Energy management service is also incentivising consumers to install distributed energy resources and, through demand response, to save on their electricity bills.

•Increased Flexibility through Demand Side Management
Energy management models under the EaaS business model support demand-side management, thereby unlocking demand-side flexibility in the power system. ESPs can implement intelligent systems using real-time data gathered via smart meters to predict peak demand levels over the next few hours for a given facility, and set rules to trigger load shedding to optimise consumption during peak demand periods.
ESPs can also enable non-automated demand management measures. For instance, retail energy suppliers can use devices that can help customers monitor the energy consumed by every appliance and provide guidance to customers on managing their consumption to reduce their electricity bills.

Conclusion
The effective utilization and success of this model shall depend upon the development of the following areas:
Digitalization : Most EaaS business models are based on analysing real-time information and data on consumers’ energy usage as well as electricity market conditions. To gather real-time information, the deployment of enabling infrastructure such as communication infrastructure, advanced metering infrastructure and smart devices is necessary. Electricity appliances and devices equipped with appropriate sensors and hardware need to be deployed at the consumer end. Such devices can capture and transmit their consumption information and, possibly, allow for remote control or automated responses to electricity price signals. Standardised communication protocols for such appliances need to be developed.

Implementation of Time-of-use Tariffs: Time-of-use tariffs are a key enabler for EaaS business models. EaaS providers can deploy a combination of assets such as solar PV, battery storage, smart devices and smart meters to optimise energy consumption as well as provide demand response services to system operators. During peak load hours, when tariffs are high, ESPs can reduce demand, either by increasing self-consumption from local generation sources or using distributed storage systems.

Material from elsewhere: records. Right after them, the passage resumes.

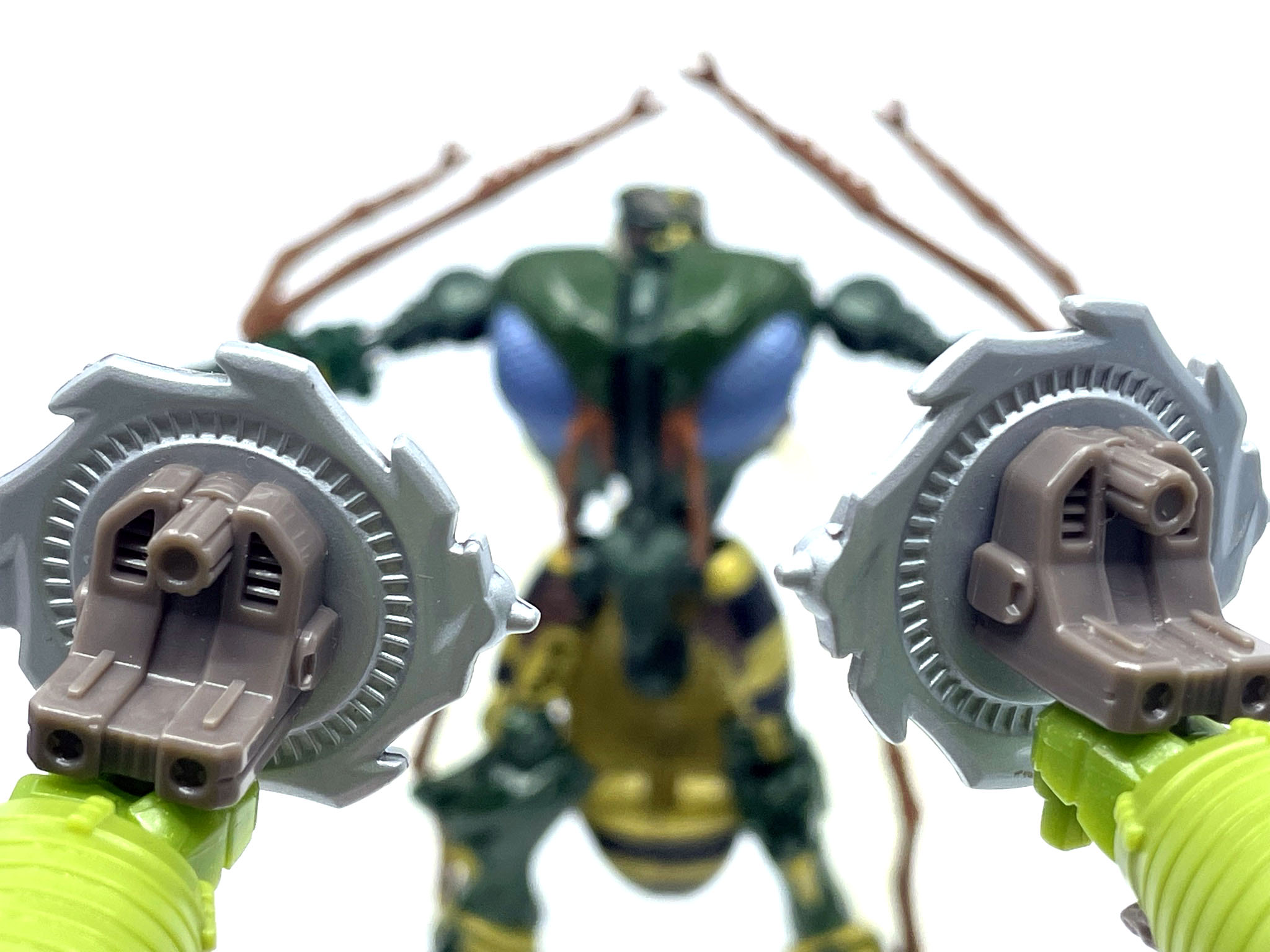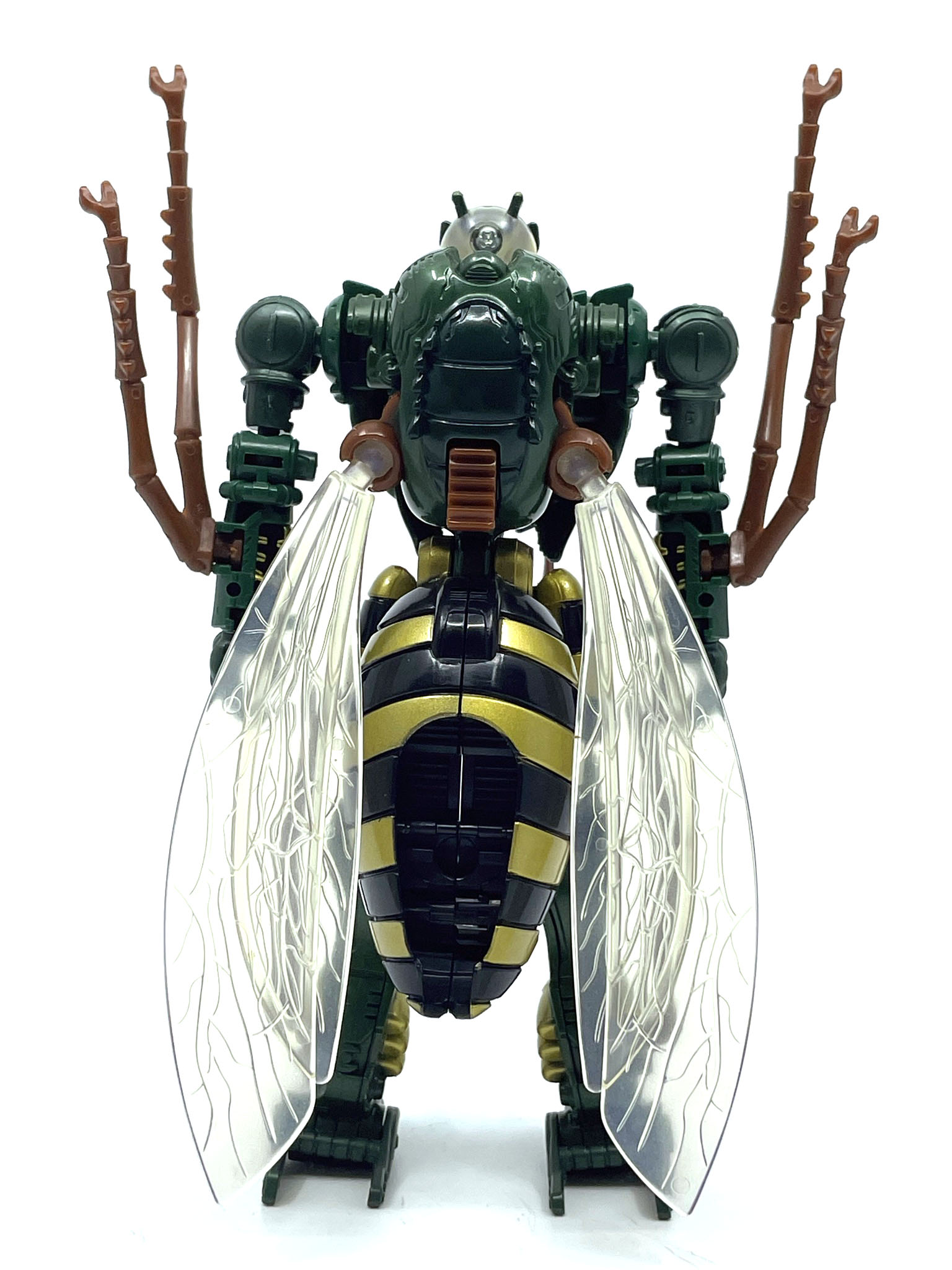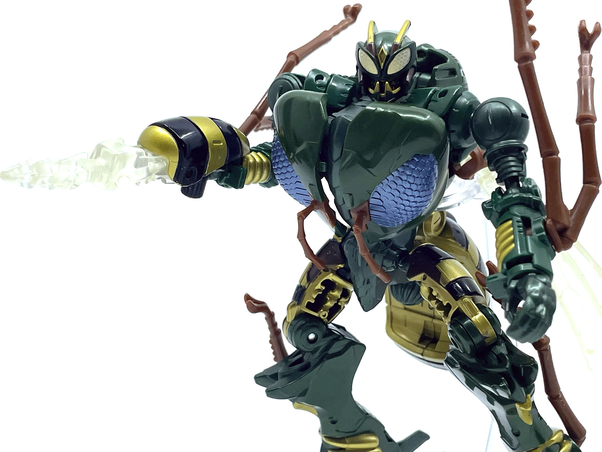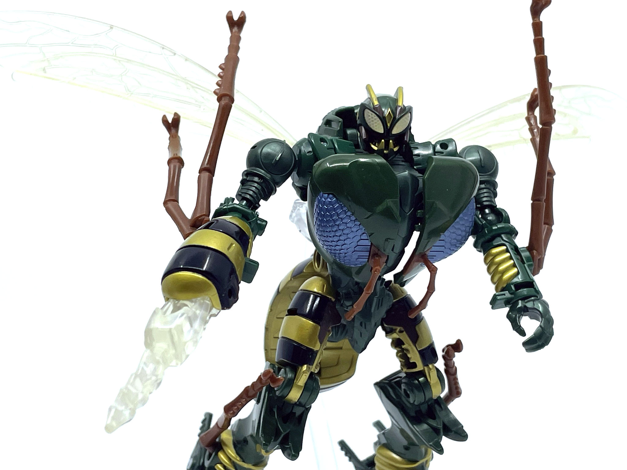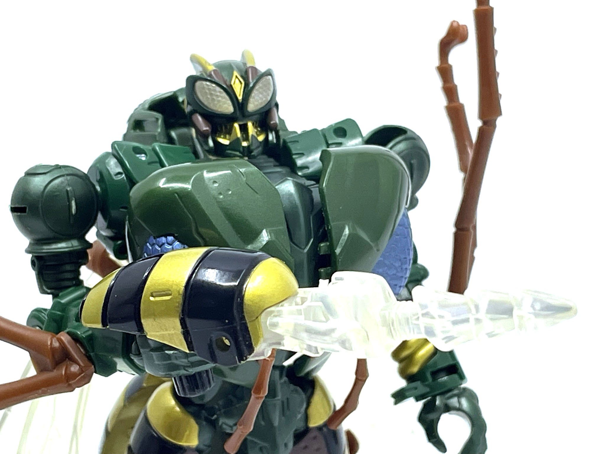 원래 애니메이션에선 이거 말고도 다이노봇마냥 눈에서 레이저를 발사하기도 했는데, 결국엔 벌침 총 원툴로 활약합니다. 그나마 장점인 공중전 조차 작품 후반에는 비행하는 애들이 많아져서…
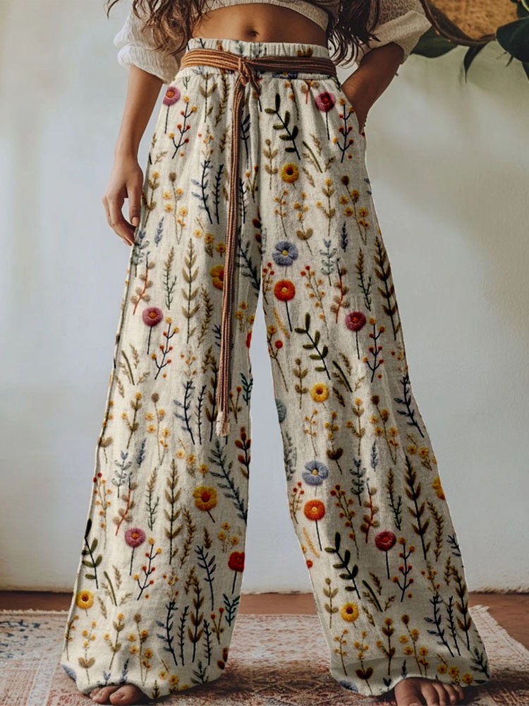 Vintage Boho Flowers Embroidered Linen Blend Casual Pants
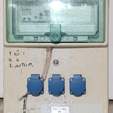 Sininen sähkökaapelikela, jossa useita pistorasioita ja maadoitettu pistotulppa. Kela on metallisessa telineessä, joka pitää kelan pystyssä ja helpottaa siirtämistä. Soveltuu esimerkiksi tilapäiseen sähkönjakoon sisä- tai ulkokäytössä käyttöohjeiden ja turvallisuusmääräysten mukaisesti.
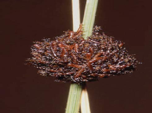 Đầu tiên, các ấu trùng hình sâu nở ra từ trứng ở các đế lá, sau đó chúng chất đống thành một khối cầu trước khi bò lên thân cây.
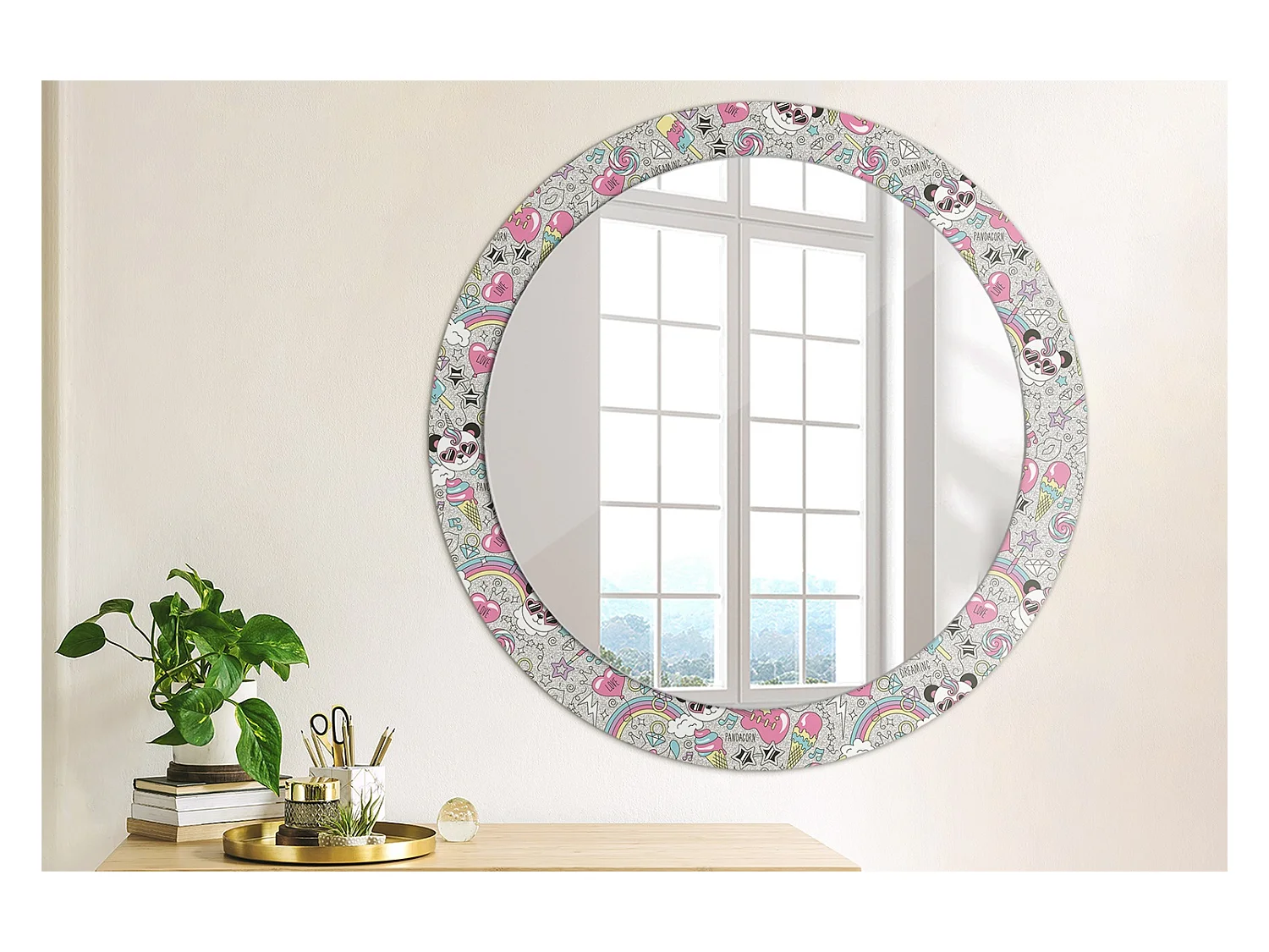 Ronde decoratieve spiegel - Eenhoorn Panda - 80 cm
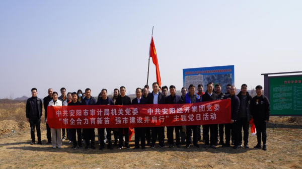 春回大地萬物復(fù)蘇,植樹添綠正在當(dāng)時(shí)。在第46個(gè)植樹節(jié)來臨之際,3月14日,經(jīng)開集團(tuán)黨委與市審計(jì)局機(jī)關(guān)黨委30余人來到殷都區(qū)磊口鄉(xiāng)國儲林項(xiàng)目基地開展了以“審企合力育新苗,強(qiáng)市建設(shè)并肩行”為主題的黨日活動(dòng)。經(jīng)開集團(tuán)黨委書記、董事長齊方,安陽市審計(jì)局黨組成員、市政府投資和經(jīng)濟(jì)責(zé)任審計(jì)中心主任李著亮參加本次活動(dòng)。
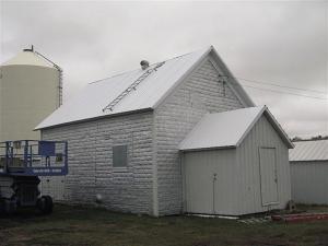 Gutschmidt used his tractor loader bucket and a Genie scissor lift on this project, which worked great for hoisting up the metal sheets, plus he had safe places to stand for attaching the sheet metal.
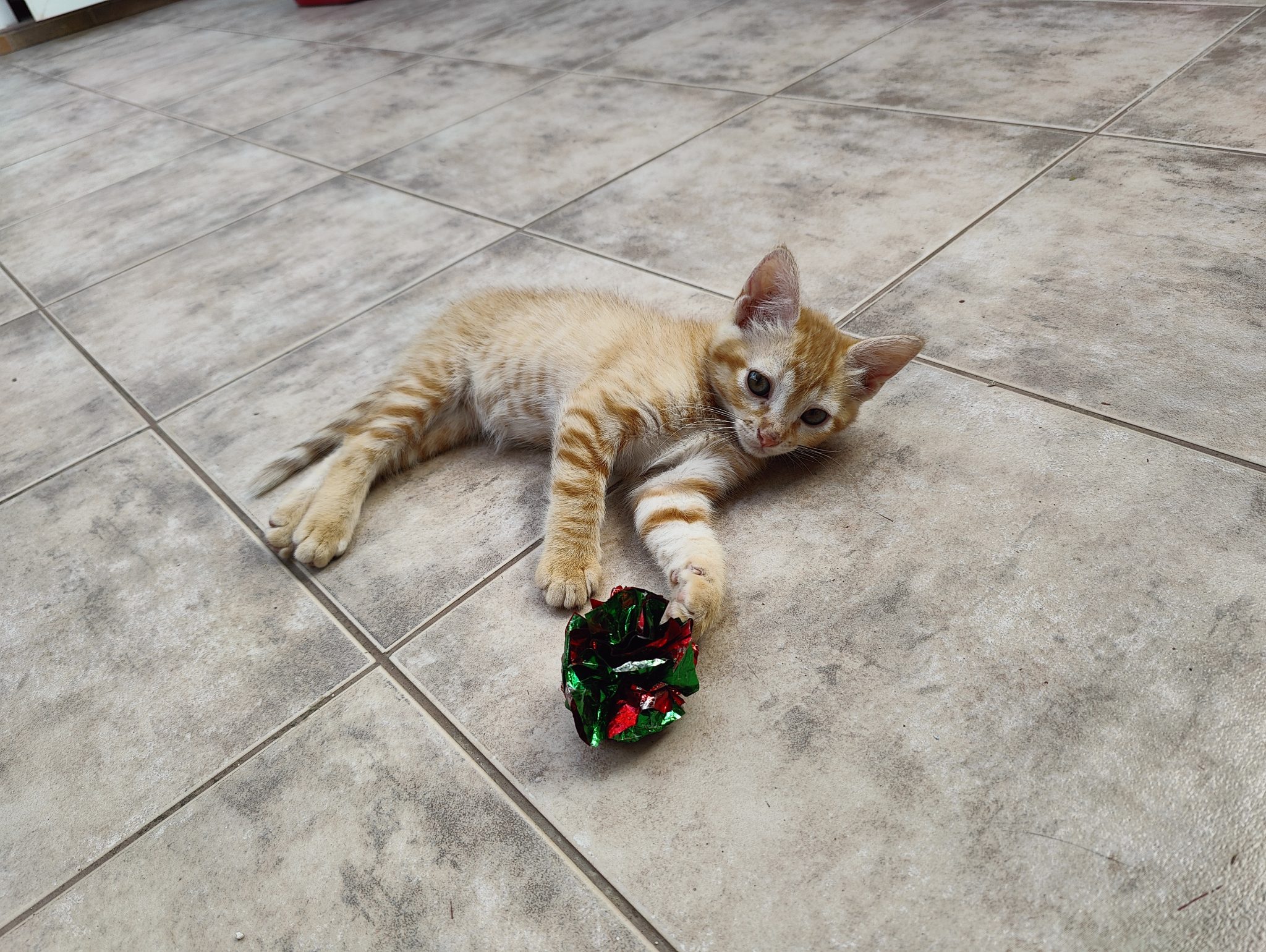 Alternative Text: A light orange kitten lies on a tiled floor, reaching out to a crumpled shiny object with its paw. The kitten has green eyes and is looking towards the camera.
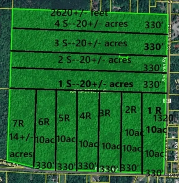 Property has 154+/- acres in Pulaski County, Arkansas. There is a platted Sub-division dated 1916 covering the property. The Seller is abandoning the old sub-division and breaking the property into 4 20-acre tracts, 6 10-acre tracts, and 1 14+/- acre tract. The 20-acre tracts are on Sullivan Road, have 330 ft of frontage, are priced at $400,000. The 10-acre tracts and the 14+/- acre tract are on Raines Road and are priced at $250,000 and $350,000+/- respectively. When the first tract sells, the Seller will immediately petition the County of Pulaski to abandon the old sub- division and when this is approved, a survey will be conducted to break up the entire parcel into the mentioned tracts. Buyers will receive a metes and bounds survey for their respective tracts. All offers will be contingent on getting the old sub-division abandoned and getting the final survey.
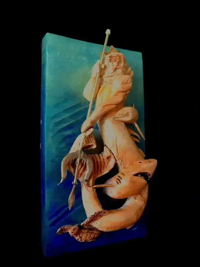 The trident is made out of brass and the carving is done on a close-grained piece of lime in order to get the detail around the head. The crown is coated in gold leaf for effect. I stained the background with ink stains to gain the vibrancy of colour and finished it with sanding sealer in order not to yellow the colours.
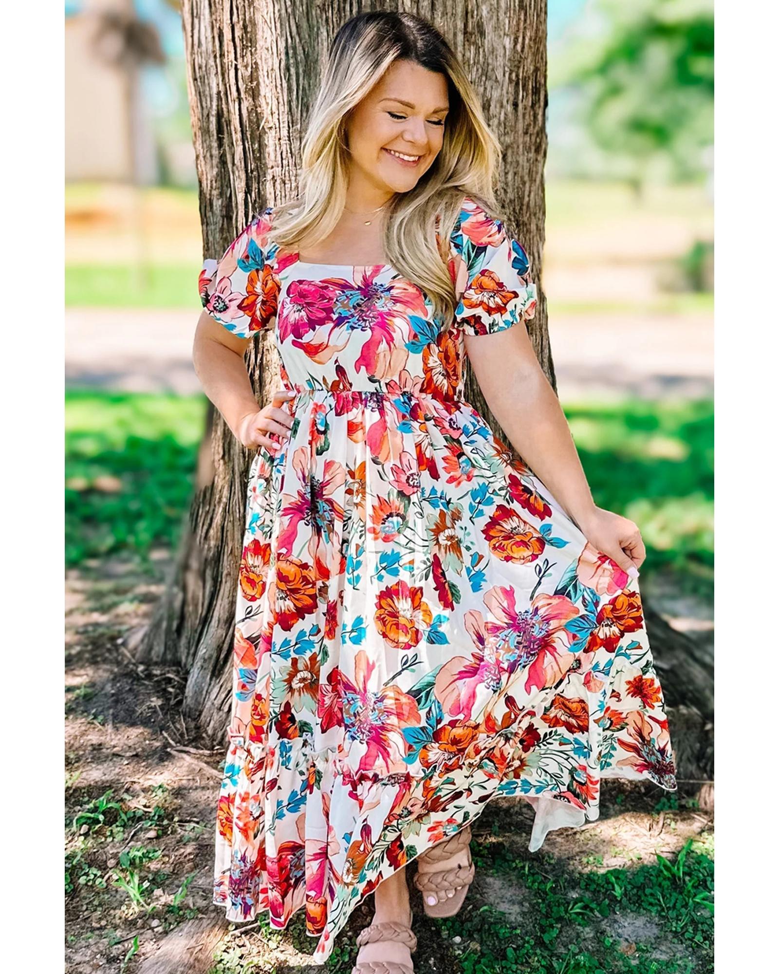 White Floral Square Neck Puff Sleeve Flowy Plus Size Midi Dress – 4X
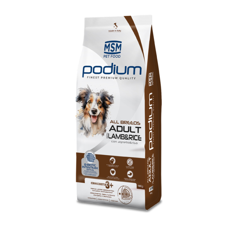 Podium Adult Lamb & Rice est un aliment complet pour chiens adultes, élaboré à partir de protéines animales transformées, d’agneau et de riz. Sa formulation inclut le complexe prébiotique B-Biotic Intestimix, ainsi que des céréales extrudées et des ingrédients sélectionnés pour une alimentation quotidienne sans gluten.
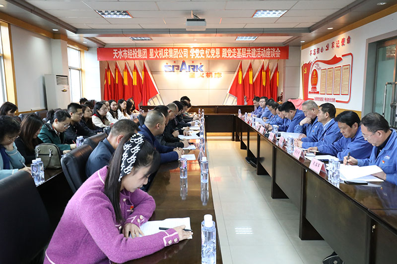 4月23日,天水市經(jīng)濟發(fā)展投融資(集團)有限公司與天水星火機床集團公司聯(lián)合開展的“學黨史、憶黨恩、跟黨走”黨史學習教育互學共促交流活動在星火機床公司舉行。天水市經(jīng)濟發(fā)展投融資(集團)有限公司黨支部書記、董事長楊斌,總經(jīng)理張一龍等領(lǐng)導班子成員,帶領(lǐng)60多名職工組成的“學黨史、憶黨恩、跟黨走”互學共促交流學習團,深入“三線企業(yè)”星火機床公司參觀,學習“三線精神”,感受“三線企業(yè)”職工的工作學習,了解“三線企業(yè)”發(fā)展歷程。星火機床集團公司黨委副書記、總經(jīng)理劉勝,黨委委員、副總經(jīng)理、星火公司總經(jīng)理趙錦銘等領(lǐng)導熱情接待并陪同參觀,進行座談交流。
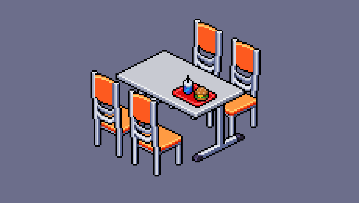 For today, a simple food court table you'd find in a #ShoppingMall :3! Process video in the Thread! #PixelArt #ドット絵 @PyxelEdit #pixel_dailies @Pixel_Dailies
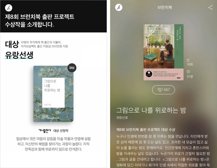 <그림으로 나를 위로하는 밤>은 감사하게도 2020년 12월 제 8회 브런치북 프로젝트 대상을 수상하면서 가나출판사에서 올해 7월 출간되었습니다. 특히 저는 이 책 속 글들이 브런치 이웃분들 그리고 구독자분과 함께 만들어온 것이라고 생각해요. 댓글로 독자분들과 소통하며 아이디어를 얻고 다듬어 온 이야기인데, 코로나 사태 때문에 독자분들과 직접 만나뵐 기회가 없었다는 점이 무척 아쉬웠어요.
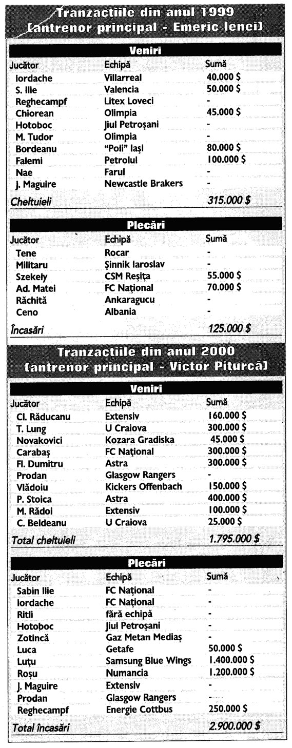 - zeci de jucatori veniti ca vedete si plecati urgent fie pe bani buni (cativa), fie fara sa confirme (majoritatea).
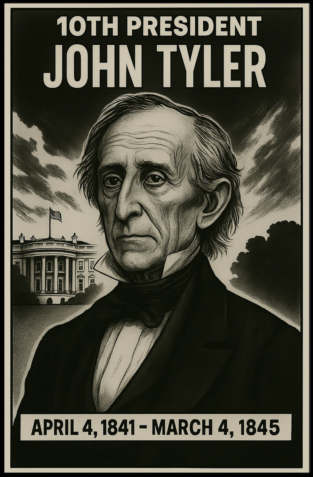 - Detailed design highlighting the essence of John Tyler, the 10th President
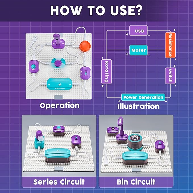 - SAFE DESIGN & DETAILED INSTRUCTIONS - These electronics kits feature non-toxic plastic parts with rounded corners and a low-voltage DC power supply to ensure child safety during use. The package includes detailed instructions or manuals that not only show how to build preset circuit models, but also explain the working principles of each circuit, covering basic concepts such as current, voltage, resistance, series and parallel circuits.
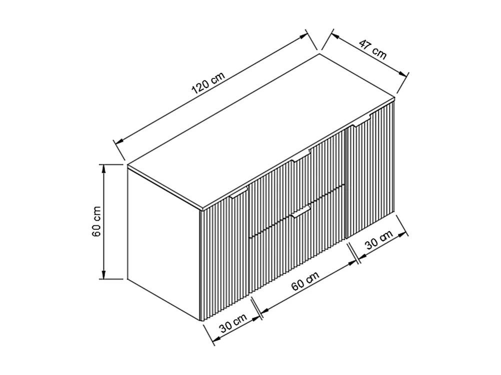 Mobile da bagno per lavabo WENA, con 2 porte e 2 cassetti, frontali scanalati, Willy, 120x60x47 cm, Nero

Revision of Distribution System Operation Methodologies to account for Demand-Side Flexibility: Distribution system operators have conventionally invested in network reinforcement to reduce distribution network congestion that could occur during peak demand intervals. Thus, the rules under which distribution system operators plan and size their grids could be modified to allow these operators some freedom to decide whether to reinforce the grid or to use flexibility services provided by end customers via ESPs. Similarly, meeting peak load demand through locally stored or generated energy instead of transporting generation from a distant source may decrease grid congestion and defer network investments.